Soren’s pulse thudded. Every instinct told her to be careful, to give Nia space. But when she reached up and brushed a strand of hair from Nia’s cheek, Nia leaned into the touch instead of away.
Her skin was warm, her eyes luminous.
“You don’t have to be afraid of wanting something,” Soren said softly.
Nia blinked, as if the words hit somewhere deep. “I don’t—”
Soren smiled a little. “You do.”
And then Nia moved—so small, just the tilt of her head, but it closed the distance between them.
Soren met her halfway, their lips touching with the hesitant softness of a first confession.
The kiss was gentle, questioning, until Nia made a small sound in her throat and reached for her, pulling her closer with surprising certainty.

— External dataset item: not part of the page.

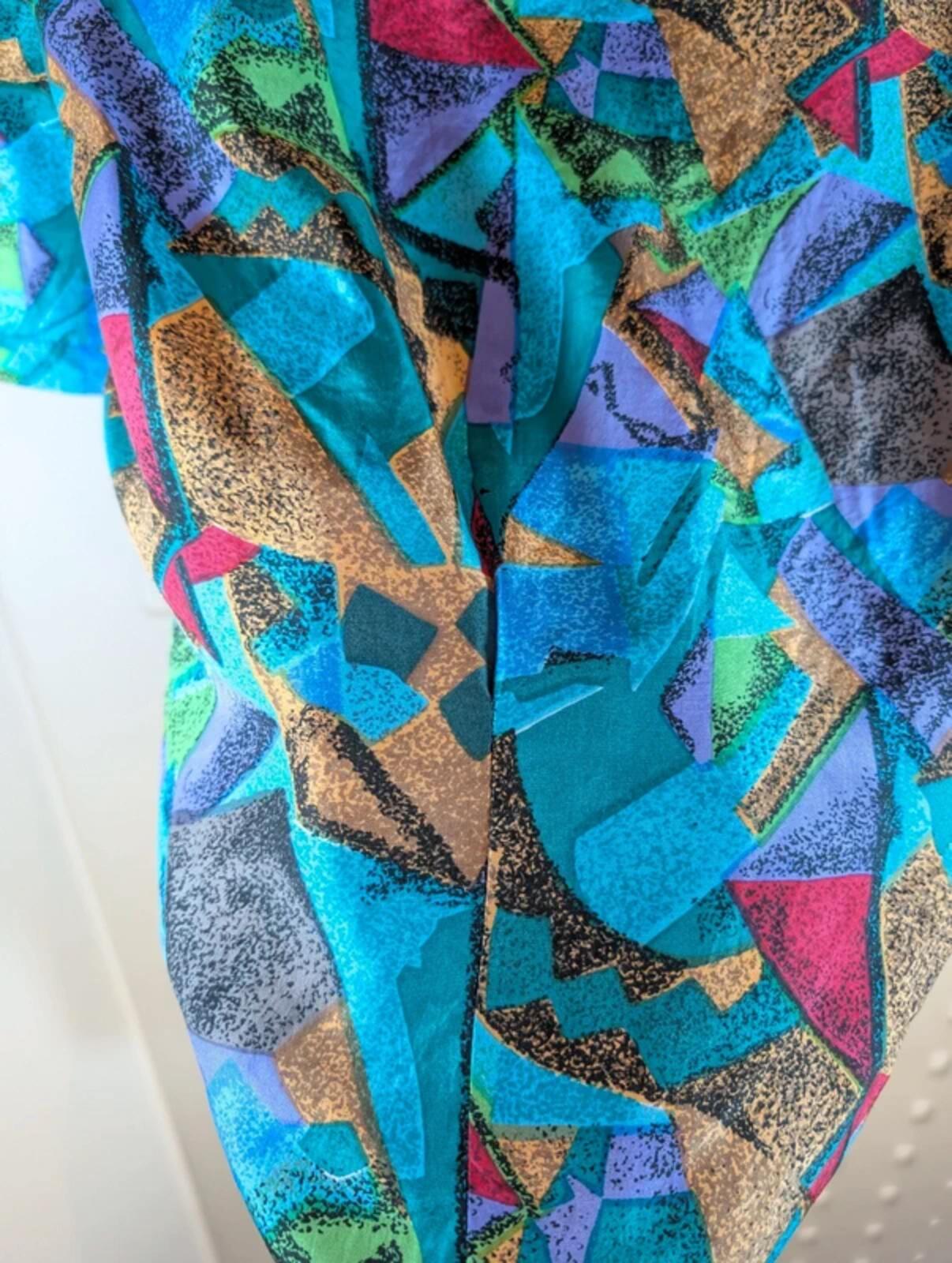 Bold vintage Patra blouse in pure silk with a vibrant geometric print – giving serious 90s Fresh Prince / retro statement vibes. Boxy cut with shaping darts for a flattering fit, plus built-in shoulder pads for that classic silhouette. Finished with delicate covered buttons and spare buttons still attached at the side seam.
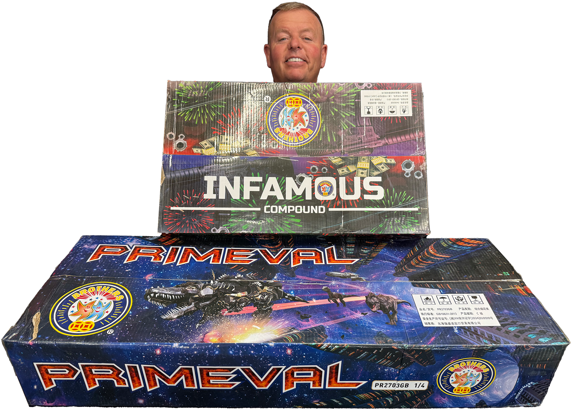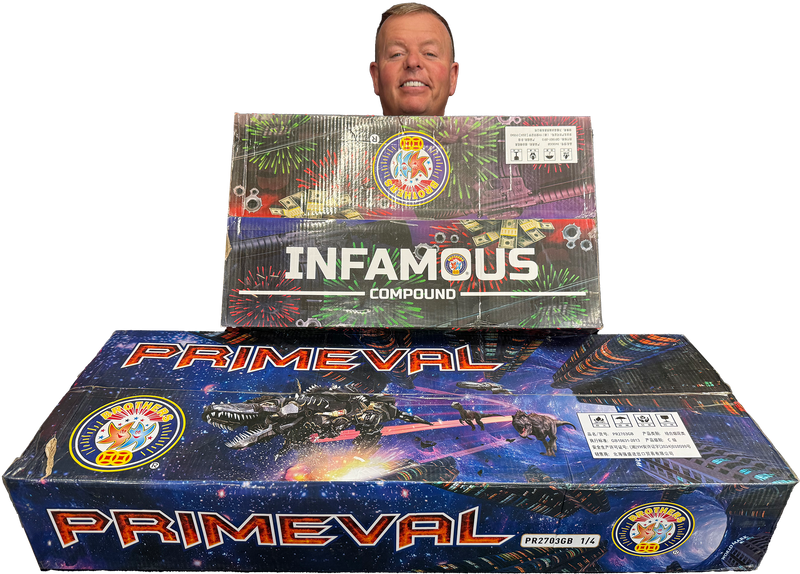 Why settle for one beast when you can have two? We have bundled together two of the heaviest hitters from Brothers Pyrotechnics—Primeval and Infamous—to create a twin-pack that delivers over 4 minutes of non-stop, 1.3G aggression.

The rest was heat and instinct.
The blanket slid away as Soren’s hands found her waist. Nia’s breath hitched against her mouth, and Soren broke the kiss only long enough to whisper, “Tell me to stop.”
Nia shook her head, voice barely a whisper. “Don’t you dare.”
That was all the permission Soren needed.
They came together with the same intensity that had sparked between them from the beginning—but this time it was surrender, slow and deliberate.
Nia’s hands were on her shoulders, her pulse racing beneath her skin.
Soren kissed her again, deeper, feeling the shift from hunger to something far more dangerous.
They sank down to the rug in front of the hearth, moving in sync without words. Soren stripped Nia of her leggings and wet panties and knelt between her legs, dipping her head to once again taste Nia. The taste of her was intoxicating.
Soren licked and Nia moaned and when Nia came in her mouth it was just as satisfying as it had been before.
When Soren finally pulled back, both of them breathing hard, Nia’s eyes were bright and open in a way Soren had never seen before.
“This doesn’t make sense,” Nia whispered, voice shaking.
“Doesn’t have to,” Soren said. She brushed her thumb along Nia’s jaw, smiling softly. “Nothing real ever does.”
Nia’s lips parted like she might argue—but instead she kissed her again, fierce and certain, tasting her own sex on Soren’s lips and the world disappeared into light and heat and quiet.
Outside, the snow fell in slow, endless silence. Inside, the storm had found a new home—in the space between them.